In the course of discovery, American Family directed a subpoena to the Henry County sheriff for "[a]ll files, logs, notes, correspondence, reports or other documents in your possession or under your control pertaining to . . . Howard Mark Bradley. . . ." On relators' motion to quash the subpoena, the trial court ruled: "[A]s to the production of any closed records relating to criminal charges, sustained; and, as to personal appearances to give testimony by deposition, overruled."
At the deposition, American Family's attorney asked the sheriff various questions including whether the sheriff had arrested Bradley, whether he had been threatened by Bradley, and whether Bradley had charges pending against him when he died. The attorney attempted to use Clinton Daily Democrat newspaper accounts of Bradley's arrests in his efforts to depose the sheriff.

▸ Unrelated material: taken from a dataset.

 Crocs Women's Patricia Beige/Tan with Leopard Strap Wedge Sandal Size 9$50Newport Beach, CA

After the sheriff, on the advice of the Henry County prosecutor and pursuant to §§ 610.100- 610.120 RSMo, refused to answer, American Family sought an order compelling the sheriff to answer the deposition questions. Respondent sustained the motion to compel, and this prohibition proceeding followed.
The petition for a writ of prohibition alleged that "any criminal records of decedent Howard M. Bradley are closed records pursuant to Chapter 610." Based on the relators' petition, we issued our preliminary writ whereby we ordered the respondent to take no action to enforce his order compelling the sheriff to answer. Respondent, here represented by the attorneys for American Family, answered the relators' petition with a denial that Bradley's records are closed and an averment that "the provisions of Chapter 610 RSMo pertaining to closed arrest records apply to public records and official documents and do not extend to the personal recollections and observations of private citizens and public officials" (emphasis in original).

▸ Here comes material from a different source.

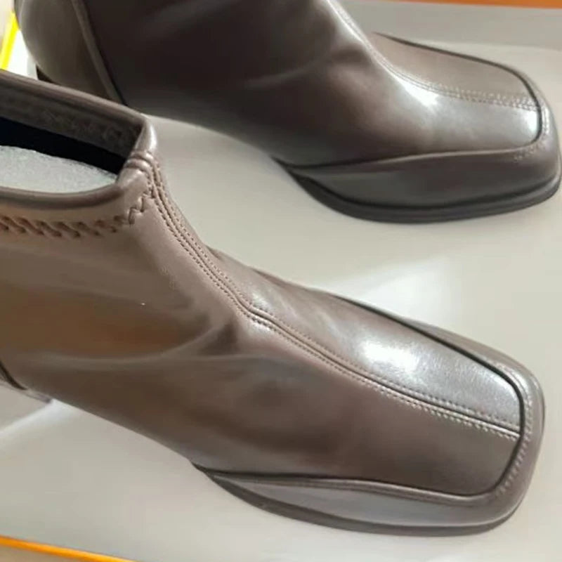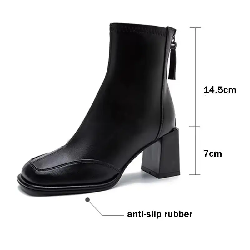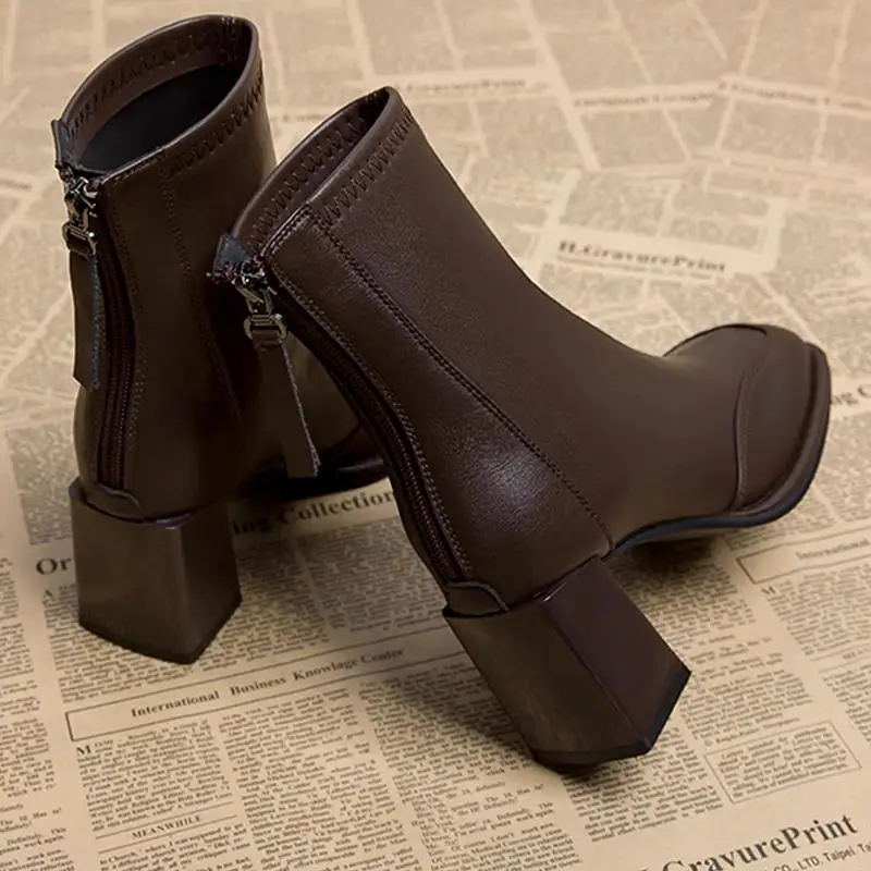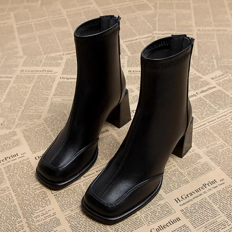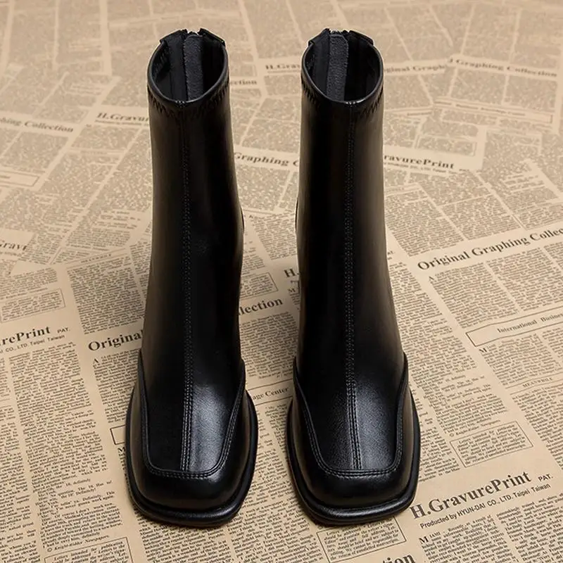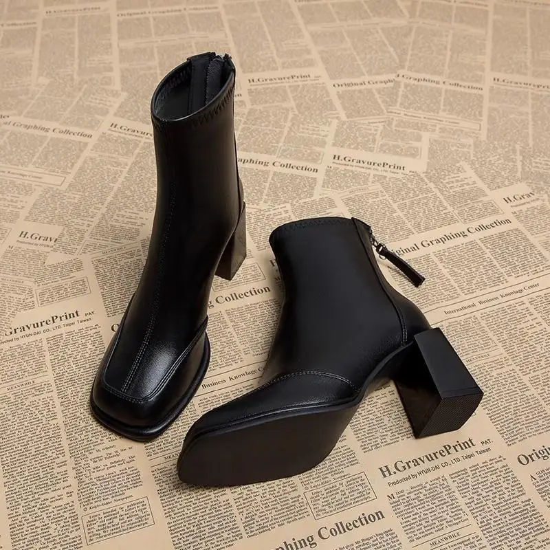 British Vintage Square Toe Ankle Boots Women 2025 Autumn Winter Thick High Heel Black Pu Boots Woman Cowboy Short Booties Shoes

In considering whether to make our preliminary order absolute, we faced the initial issue of whether Bradley's arrest records were closed pursuant to Chapter 610. In order to resolve that threshold issue, we followed the procedure used by our supreme court in State ex rel. Curtis v. Crow, 580 S.W.2d 753 (Mo. banc 1979). Pursuant to Rule 68.03, we appointed the Honorable Mary A. Dickerson as a master to conduct a hearing and make findings of fact concerning every arrest of Bradley in Henry County and the subsequent history of those arrests.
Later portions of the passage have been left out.